__Required work__
In the entries that follow, find the line containing "Stainless Steel Layered" and the line containing "Ginger Gold จินเจอร์โกลด์", then copy exactly everything from the first through the second except the pictures.

__Task input__
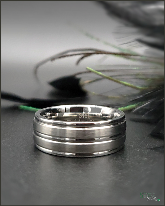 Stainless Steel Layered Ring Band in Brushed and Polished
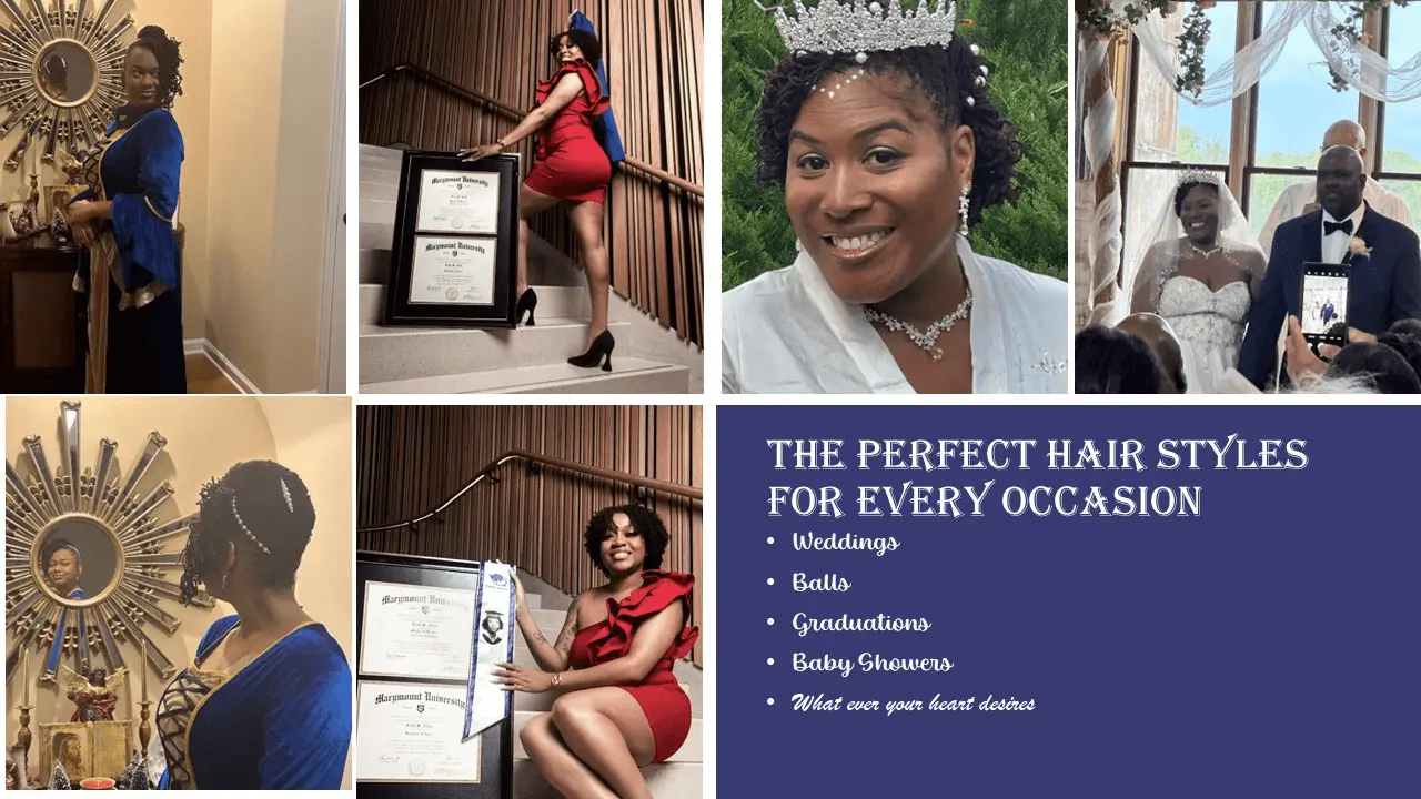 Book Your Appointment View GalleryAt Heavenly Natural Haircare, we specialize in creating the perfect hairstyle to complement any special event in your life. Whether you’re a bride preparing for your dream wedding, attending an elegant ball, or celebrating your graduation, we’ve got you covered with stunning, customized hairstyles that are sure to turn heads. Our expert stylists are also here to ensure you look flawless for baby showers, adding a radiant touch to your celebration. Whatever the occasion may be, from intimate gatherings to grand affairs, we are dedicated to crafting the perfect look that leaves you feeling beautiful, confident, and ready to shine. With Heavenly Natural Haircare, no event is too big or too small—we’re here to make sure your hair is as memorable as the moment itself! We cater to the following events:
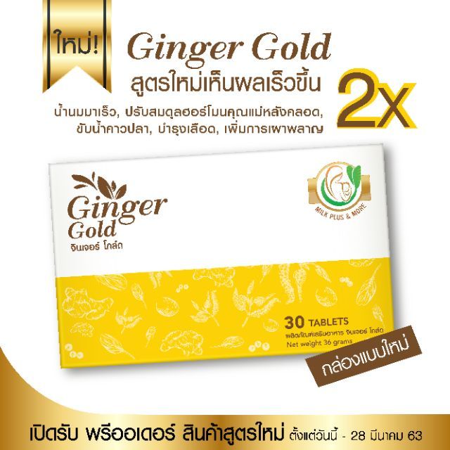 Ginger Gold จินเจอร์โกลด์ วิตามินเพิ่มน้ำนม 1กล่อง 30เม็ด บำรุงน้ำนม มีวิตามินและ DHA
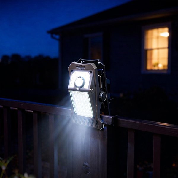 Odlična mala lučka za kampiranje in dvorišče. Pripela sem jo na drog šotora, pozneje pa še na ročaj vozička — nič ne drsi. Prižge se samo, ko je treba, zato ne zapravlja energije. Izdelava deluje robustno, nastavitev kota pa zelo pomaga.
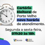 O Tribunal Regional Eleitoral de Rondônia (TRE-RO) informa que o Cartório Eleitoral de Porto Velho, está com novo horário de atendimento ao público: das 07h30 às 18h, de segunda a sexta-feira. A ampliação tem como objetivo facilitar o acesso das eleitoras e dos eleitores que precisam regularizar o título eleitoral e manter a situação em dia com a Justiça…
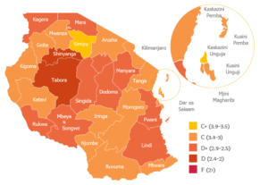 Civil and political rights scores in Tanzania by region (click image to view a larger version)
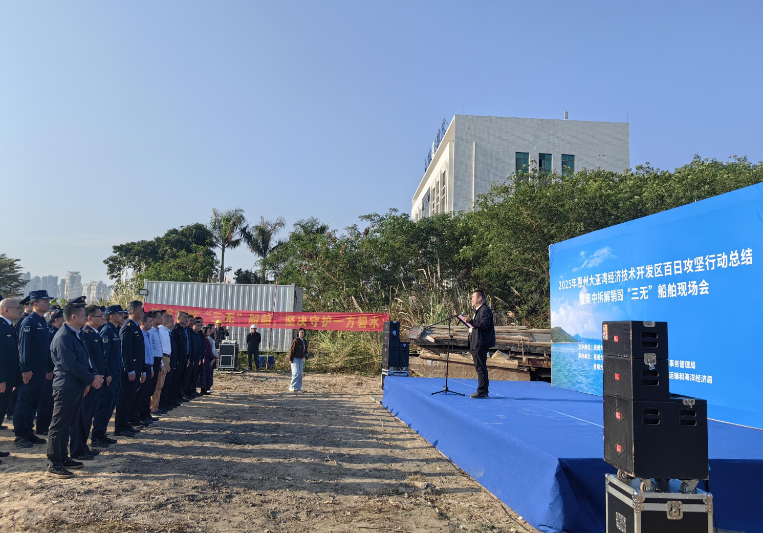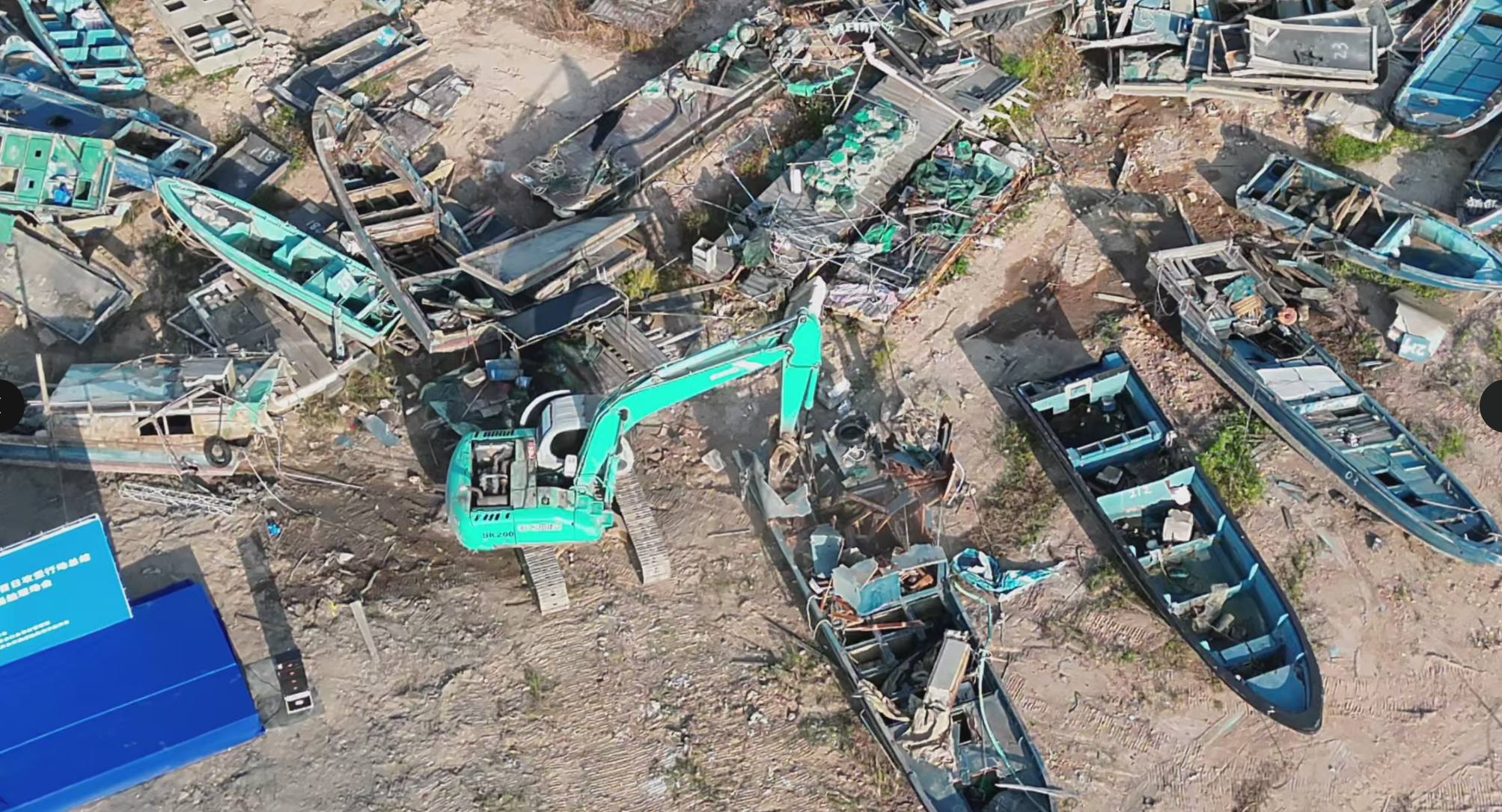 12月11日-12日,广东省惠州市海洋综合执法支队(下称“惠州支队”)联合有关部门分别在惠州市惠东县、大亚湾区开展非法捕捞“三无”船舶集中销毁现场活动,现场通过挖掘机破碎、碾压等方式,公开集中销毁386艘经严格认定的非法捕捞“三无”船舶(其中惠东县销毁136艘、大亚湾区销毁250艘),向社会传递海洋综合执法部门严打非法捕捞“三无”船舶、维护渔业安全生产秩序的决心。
---
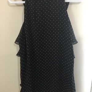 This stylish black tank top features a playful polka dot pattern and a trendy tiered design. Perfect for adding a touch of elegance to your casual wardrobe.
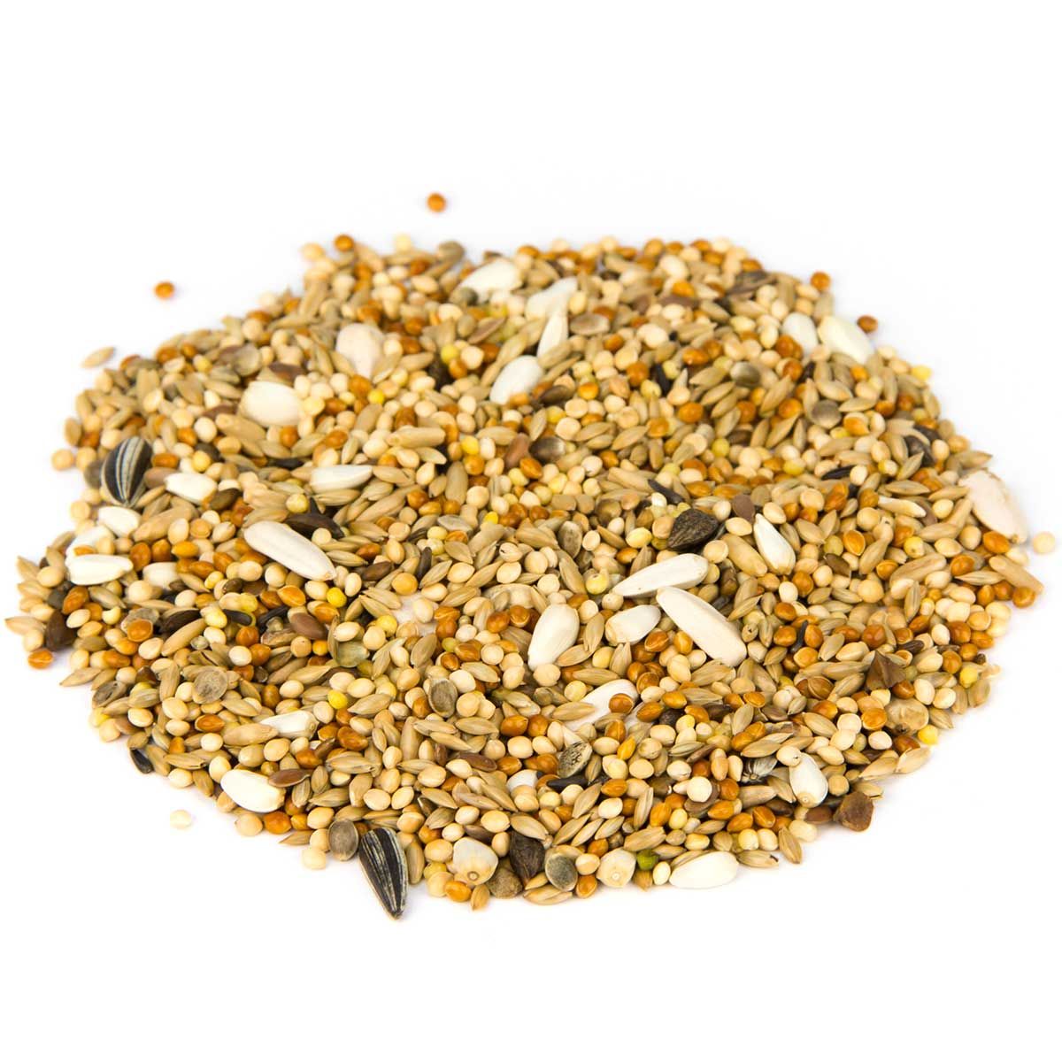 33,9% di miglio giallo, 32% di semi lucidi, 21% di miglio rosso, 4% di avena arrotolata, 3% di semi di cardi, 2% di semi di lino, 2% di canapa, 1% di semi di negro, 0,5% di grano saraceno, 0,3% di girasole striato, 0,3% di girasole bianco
* * *
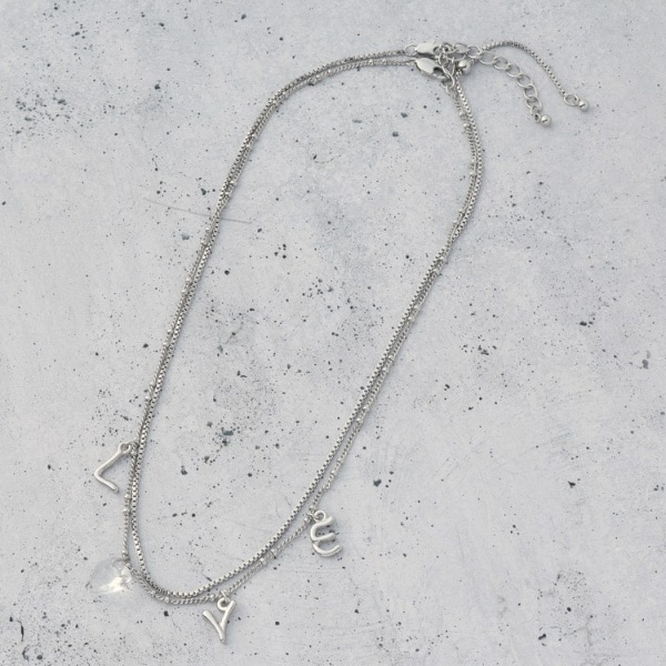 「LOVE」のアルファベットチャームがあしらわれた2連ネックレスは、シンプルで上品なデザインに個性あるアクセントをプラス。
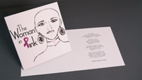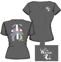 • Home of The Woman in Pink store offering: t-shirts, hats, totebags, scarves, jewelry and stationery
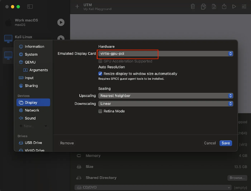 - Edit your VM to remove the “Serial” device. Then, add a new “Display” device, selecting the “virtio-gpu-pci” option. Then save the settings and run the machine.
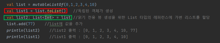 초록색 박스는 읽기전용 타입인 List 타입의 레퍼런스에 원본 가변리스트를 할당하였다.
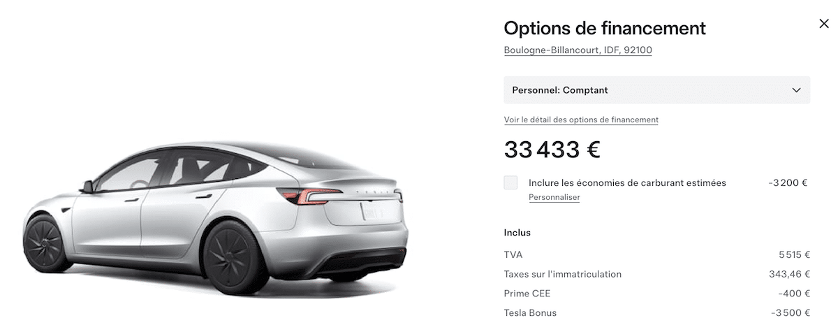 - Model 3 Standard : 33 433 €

__Response__
 Stainless Steel Layered Ring Band in Brushed and Polished
 Book Your Appointment View GalleryAt Heavenly Natural Haircare, we specialize in creating the perfect hairstyle to complement any special event in your life. Whether you’re a bride preparing for your dream wedding, attending an elegant ball, or celebrating your graduation, we’ve got you covered with stunning, customized hairstyles that are sure to turn heads. Our expert stylists are also here to ensure you look flawless for baby showers, adding a radiant touch to your celebration. Whatever the occasion may be, from intimate gatherings to grand affairs, we are dedicated to crafting the perfect look that leaves you feeling beautiful, confident, and ready to shine. With Heavenly Natural Haircare, no event is too big or too small—we’re here to make sure your hair is as memorable as the moment itself! We cater to the following events:
 Ginger Gold จินเจอร์โกลด์ วิตามินเพิ่มน้ำนม 1กล่อง 30เม็ด บำรุงน้ำนม มีวิตามินและ DHA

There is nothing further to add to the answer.